Immaculate Misconceptions at JOAN, Los Angeles. Photography by Josh Schaedel.

"Immaculate Misconceptions" at JOAN

Through December 21

The first survey of Pippa Garner does not disappoint. It is filled to the brim with drawings for inventions, from wearables to cityscapes. Some of the more reasonable ones, a vacuum cleaner that smokes cigarettes and a set of bunk bed chairs, have been painstakingly brought to life as sculptures. Once made simply with ready materials and dime store mainstays, these sculptural reenactments showcase the genius and handiness of Garner’s practice but also the rapid turnover of technology and its effect on how we live.

los angeles art
Installation view of "Anita Steckel. Photography by Paul Salveson, courtesy of Hannah Hoffman Gallery, Los Angeles.

"Anita Steckel" at Hannah Hoffman Gallery

Through October 23

Perhaps it takes going all the way to Los Angeles to appreciate New York properly. At least, this felt true inside Hannah Hoffman’s first presentation of Anita Steckel’s estate. The show places several series in conversation including some William Morris-print phallic collages and Steckel’s Xeroxes, which impose her frame over the Big Apple. Here and in history books, Steckel looms large, and since she was new to us, the exhibition felt like a much needed hit of mandatory reading.

Kinke Kooi, Visit (3), 2019. Photography by Paul Salveson, courtesy of the artist and Bel Ami, Los Angeles.

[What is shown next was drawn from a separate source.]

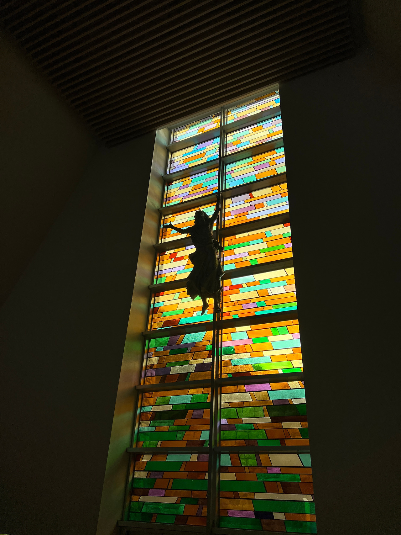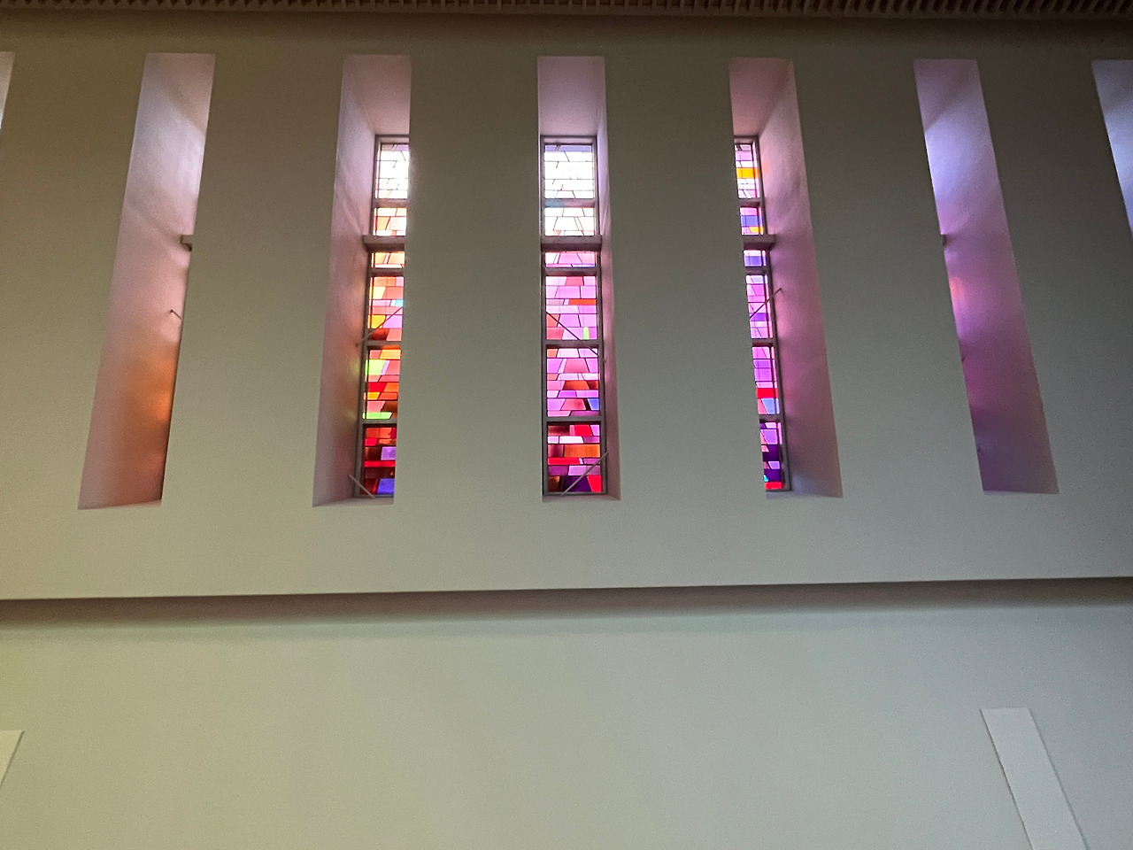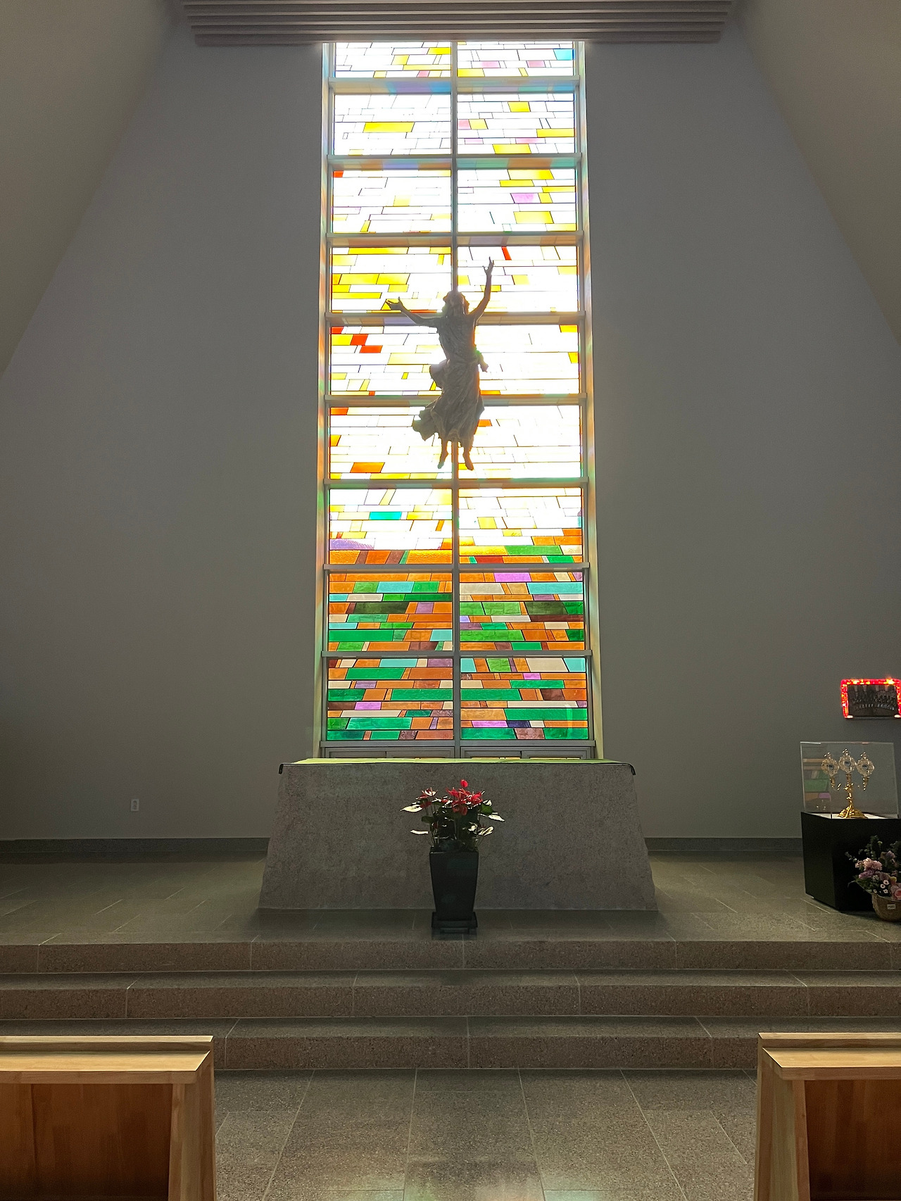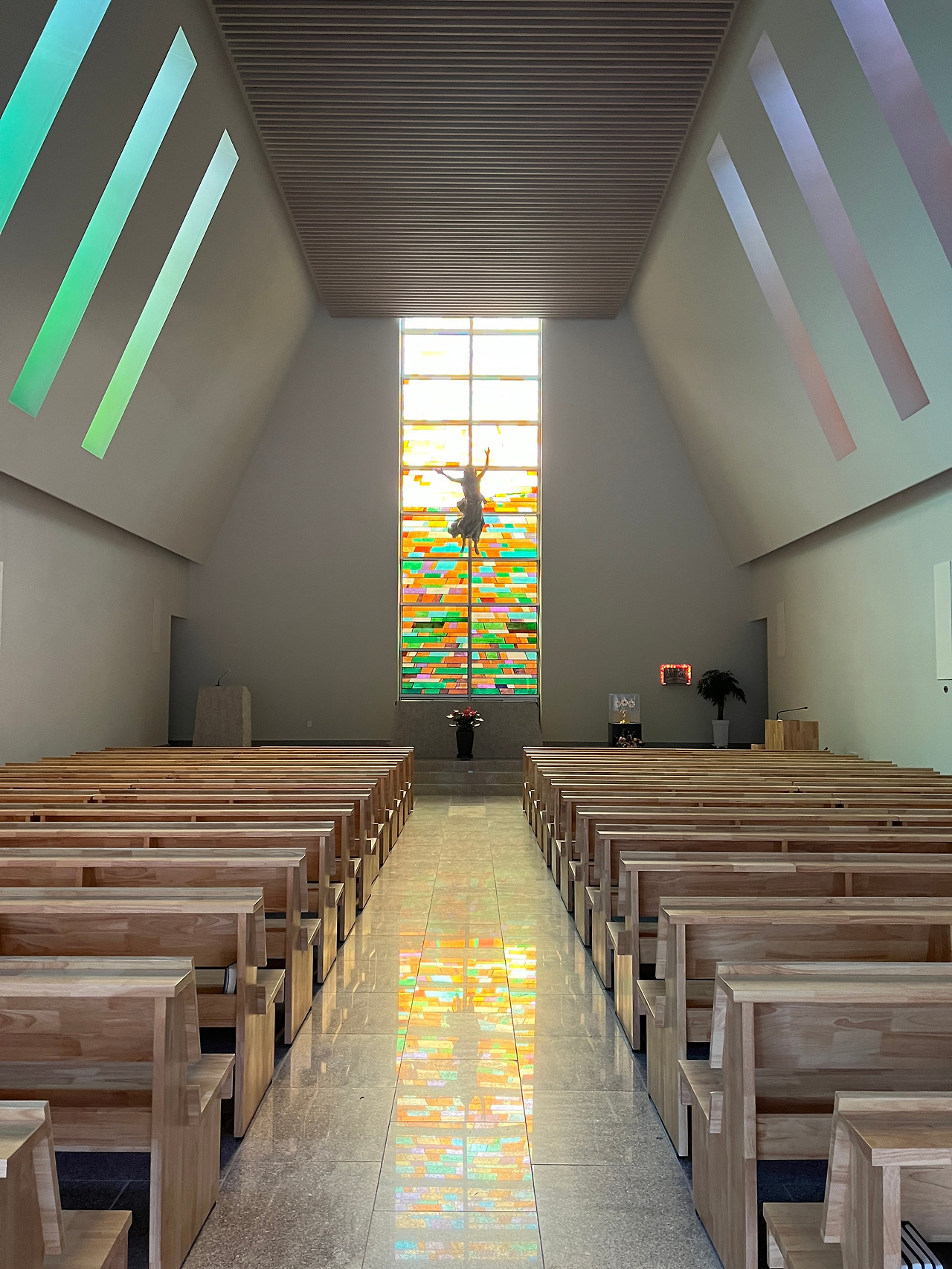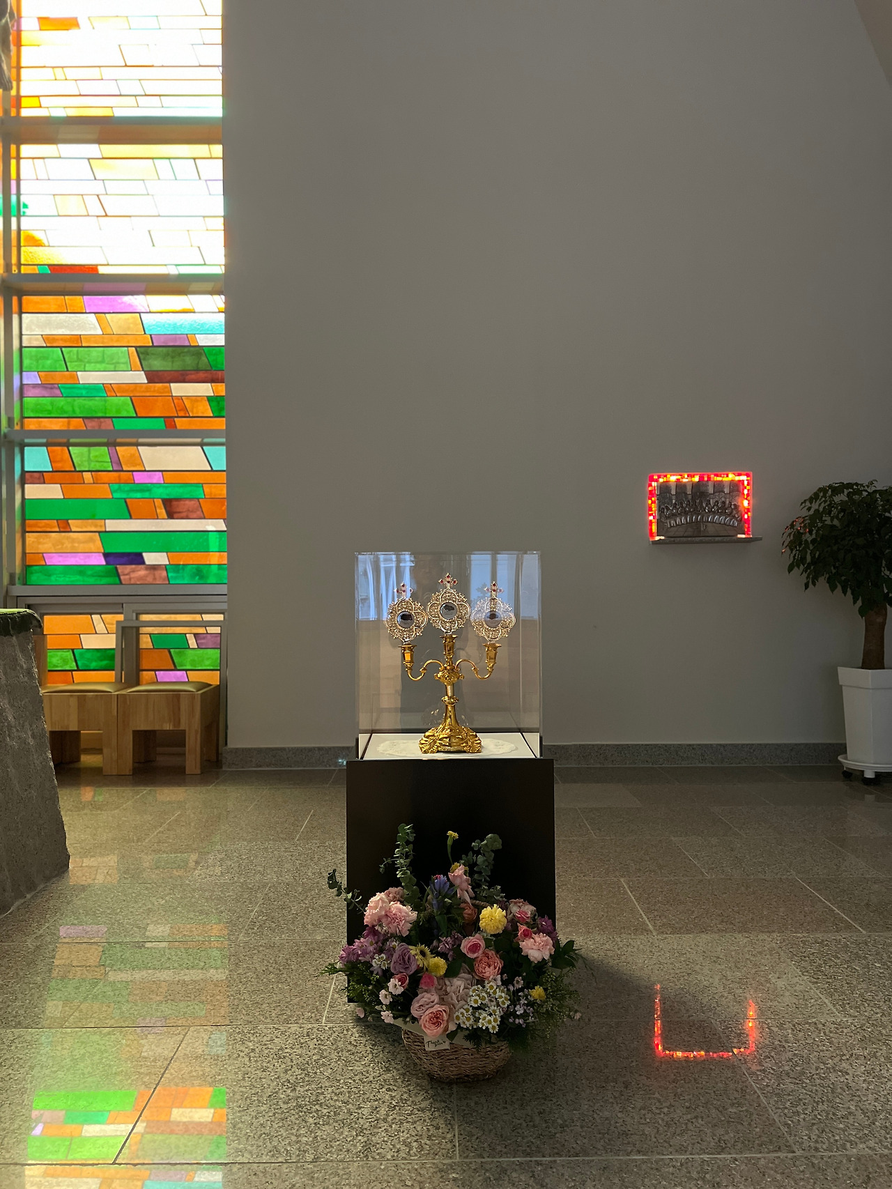 새 성전은 그리크지 않지만 십자고상을 대신하여 제대뒤쪽 승천하는 예수님상이 상당히 인상적이었습니다. 유리화를 뒤로 하고 하늘로 오르시는 예수님의 모습이 역동적이고 신비스럽게 보였습니다. 자연스레 두손을 모으고 예수님을 향해 기도하는 손이 되었습니다. 제대옆에는 순교자 세분의 유해를 모시고 있는 장식이 있습니다. 간결하지만 신비스런 성전의 모습이 오래도록 잊혀지지 않을 듯합니다.

"Emblazoned World" at Bel Ami

Through October 30

Curated by artist Lucy Bull, this tightly wound group shows piques one’s galaxy brain almost on contact. The exhibition follows a thought trail the artist weaves from a loose romantic connection to Lee Mullican’s estate to finally meeting Luchita Hurtado in person to Bull's own practice. Finally, the thread leads back out into the world where she ties it to the work of younger voices like Kentaro Kawabata, Nancy Lupo and Elizabeth Englander. It is a cosmos of connections worth getting lost in. If you need guidance, the press release can function as a loose map.

Installation view of Ficus Interfaith. Photography by Nik Massey, courtesy of In Lieu.

Ficus Interfaith at In Lieu

Through October 23

Symbols and signifiers seek further entanglement through any means necessary in Ficus Interfaith’s vocabulary-driven exhibition, where words act as the basis for sculptural compositions in aluminum, terrazzo and wood. The tableaux demonstrates both the artistic duo’s deftness for manipulating materials but also the concerns that extend from and beyond the crafts they choose to parlay with in the studio. By allowing for language to enter the work, the show acts as a welcome mat for those unfamiliar with this intriguing collaborative practice from New York.

Hayao Miyazaki, Academy Museum of Motion Pictures. Photography by Joshua White, JWPictures/Academy Museum Foundation.

Hayao Miyazaki at The Academy Museum of Motion Pictures

Through TBD

Few animators have touched as many artist practices and made such an impact on pop culture as Hayao Miyazaki and his Studio Ghibli. The fandom around the universes they’ve erected on screen would make it seem that there was nothing new to be circulated but to our delight this new retrospective is a treasure trove of original artwork that has never seen the light of day including satisfying architectural drawings and character studies that add new dimensions to beloved spaces and figures.